How do you envision that the next generation should be educated to use remote sensing data and technology to address water-related issues? What are key challenges in playing an active role in capacity building?
Successful imparting and dissemination of scientific knowledge from experts to end-users is a pre-requisite in addressing water-related issues for minimizing the research-policy gaps. However, the successful implementation of technical assistance and capacity building for indigenized and locally-customized water solutions faces numerous caveats. Usually, there are logistical constraints of human and technical capacity, less viable environments for initial funding and ensuring sustainability of maintenance and continuity of equipment and infrastructure.
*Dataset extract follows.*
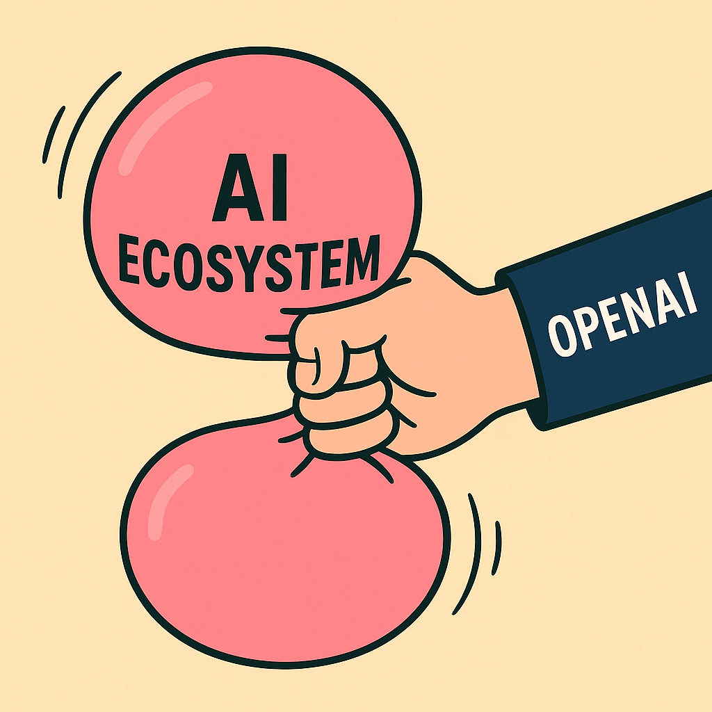 What you're witnessing isn't OpenAI's philosophical evolution. It's a textbook example of "squeezing the balloon" (read the book for more context!)—a calculated business move where you strategically commoditize one layer of your stack to protect and enlargen the layer that actually makes money.

For future generations to play an effective role in utilizing space technologies for water management, capacity building through training in evolving methodologies, software, databases and support from relevant water organizations is key for much needed education and training. Overall, an effective cooperation is required between scientists who develop water-related products, algorithms and solutions; water managers and other stakeholders who will be responsible for implementing such solutions at grass root level.
What can you say about the young generation in Pakistan, what do they need to be empowered to use space technology and data to contribute solving water-related issues?
The younger generation has to be empowered in terms of space education, data provision and capacity to be able to develop site-specific local solutions for water resource analysis and management. The disconnection between academia/researchers and young water professionals or managers should be eliminated and stronger partnerships between local water agencies and academic institutions are needed. Scientists with a focus on space-based applications should put more efforts on capacity building initiatives, stakeholder involvement and co-development of Indigenous water solutions. When training and educating youth, transparency in image processing methodologies and adoption of standardized approaches should be taken care of, so that users can readily understand the underlying rationale and processes of satellite data selection and methodology. Moreover, access to a wide range of datasets, software and trainings is essential to ensure the possibility of future generations playing a greater part in beneficial hydrological research.
Last, but not least, what is your favourite aggregate state of water?
"As a rule, whatever is fluid, soft, and yielding will overcome whatever is rigid and hard. This is another paradox: what is soft is strong."- Lao Tzu.